Once Wami had made her decisive break – after the climb on the penultimate lap – she quickly built up a eight second gap which she built up to 12 seconds as she finished in 28:00. Although she looked comfortable throughout, the Ethiopian was suffering from a throat infection (treated the night before by the British team doctor!) and spent the first couple of minutes after the race vomiting, rather than celebrating wildly. Once she had recovered Wami said: "I was happy to win, especially since I have a cold. I was surprised when no-one came with me when I made the break. This was much easier than 1996. But then I had less self-confidence which made the difference. I came here expecting to win."

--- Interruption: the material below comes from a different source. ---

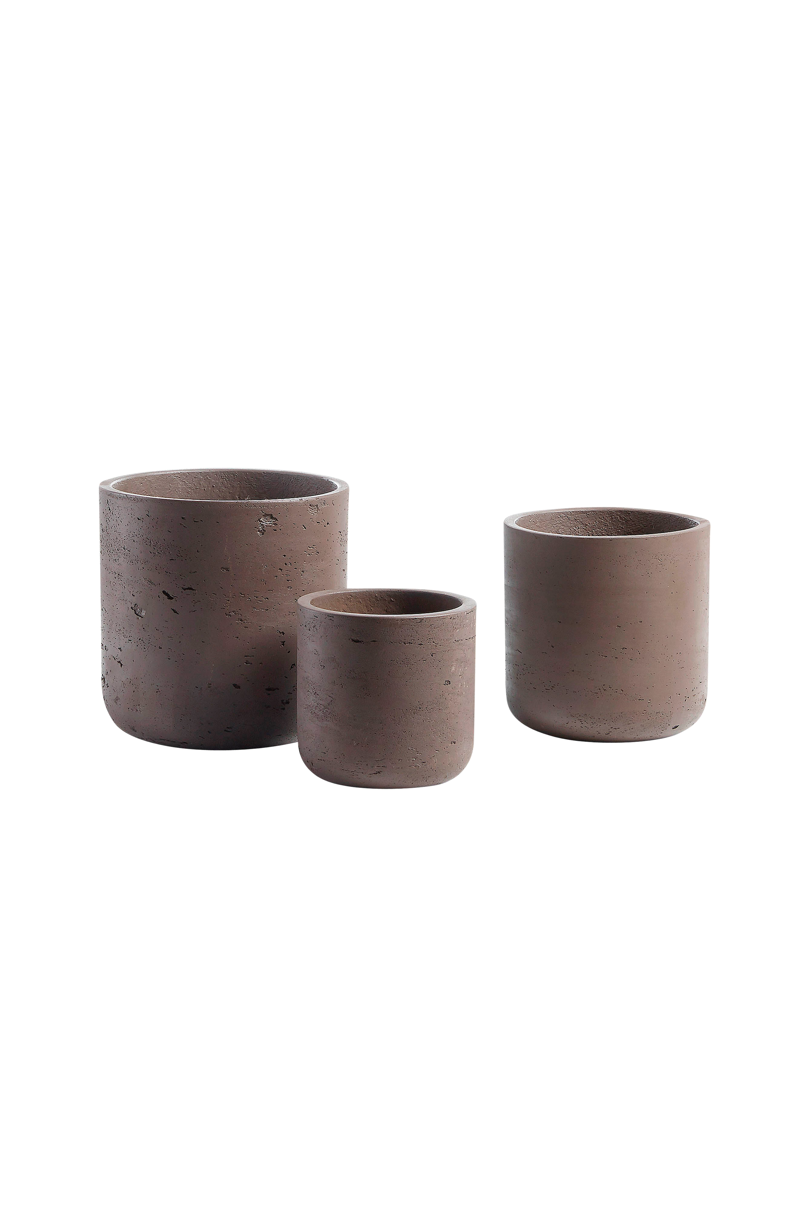 3 erikokoista sementtiruukkua. Sisä- ja ulkokäyttöön. Korkeudet 18 / 15 / 12 cm. Halkaisijat 18 / 15 / 12 cm.

The main excitement at the finish came when Wami’s team mate Merima Denboba overtook Radcliffe in the last few metres to secure the silver. Although obviously disappointed to miss out on gold again, especially with the absence of Sonia O’Sullivan and on "home soil", Radcliffe was philosophical in defeat. "I am disappointed – especially to lose out on silver in the last few strides – but at least I did all I could. I followed my plan. But Wami was in great shape and ran the race like a fartlek session – and athletes kept going to the front and chopping and changing the pace. I’ll keep coming back to this race until I win it. It’s not going to beat me."

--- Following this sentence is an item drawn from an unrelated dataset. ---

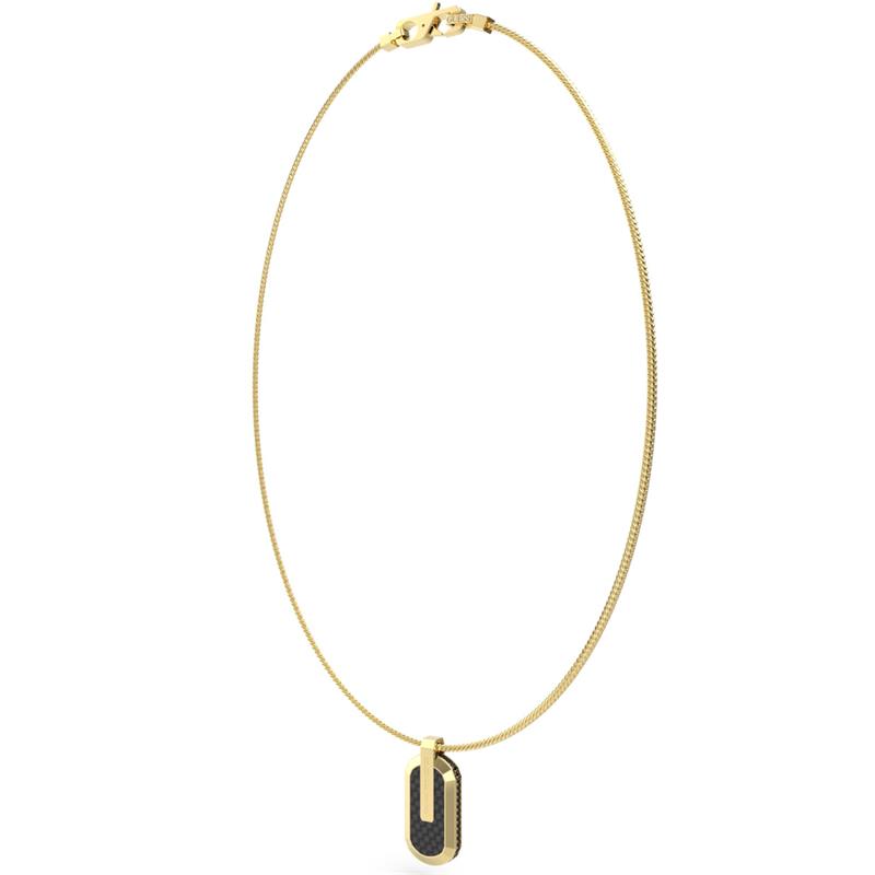 Collar Guess para hombre de la colección Racer Tag fabricada en acero inoxidable bañada en oro amarillo con una elegante cadena que da lugar a un colgante ovalado compuesto por cristales negros. Su cierre es de mosquetón.

Wami’s winning margin was the largest in this race since Ingrid Kristiansen in Auckland in 1988, and confirmed the Ethiopian’s fine winter form which has seen her win in Durham and Amorebieta. Wami's victory in Belfast confirmed her absolute domination of the IAAF World Cross Challenge also, as she scored a total of 144 points ahead of her compatriot Merima Denboba (79 points) and third-placed Paula Radciffe of Great Britain with 72 points.

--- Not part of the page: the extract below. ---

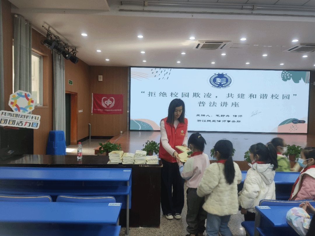 杭州市临安区青山湖科技城第一小学联合公益组织给师生开出了一堂“拒绝校园欺凌,共建和谐校园”普法讲座,并向学生发放《中华人民共和国未成年人保护法》一书。

Ethiopia won the team competition with Kenya second and Portugal third, thanks to some inspired running from Helena Sampaio (8th in 28.42). Her Portuguese team mate Conceicao Ferreira – a bronze medallist in 1994 – was actually making her 16th appearance at this event and is looking forward to making the Portuguese team again for next year’s event in Vilamoura. Deena Drossin of the USA also had a great day, finishing 10th after cruising with the leading group of 11 runners until the penultimate lap when Kenya’s Leah Malot (eventually 9th), Wami and Radcliffe began to build up the pace. At 4km, reached in 13:59, the leading group still contained 11 athletes, but at 5km, after a 3:26 kilometre, the group was down to just five – Radcliffe, Susan Chepkemei (Kenya) and three Ethiopians: Wami, Denboba and Ayelech Worku. Once Chepkemei had been dropped on the last lap, and Wami was uncatchable, it was down to Dendoba to ensure a happy conclusion for Ethiopia.


Winner - Gete Wami (ETH)

I was very happy to win especially since I have a cold and was quite worried about it. It was hot in Ethiopia and I think the cold weather here has brought on this cold. I had planned to go with the rest up to a certain point then take off on my own. I was surprised when no-one came with me when I made the break as I had expected more competition. This was much easier than 1996. Back then I had less self-confidence, which made a difference. I came here to win.

Third - Paula Radcliffe (GBR)

I was comfortable in second place, you can’t run too hard over 8km. Every lap got tougher but the crowd support was great, it was like running at home. Wami was just floating uphill while the rest of us were all working at it. I’ll keep coming back to this race until I win it. It’s not going to beat me. One day I’ll do a marathon.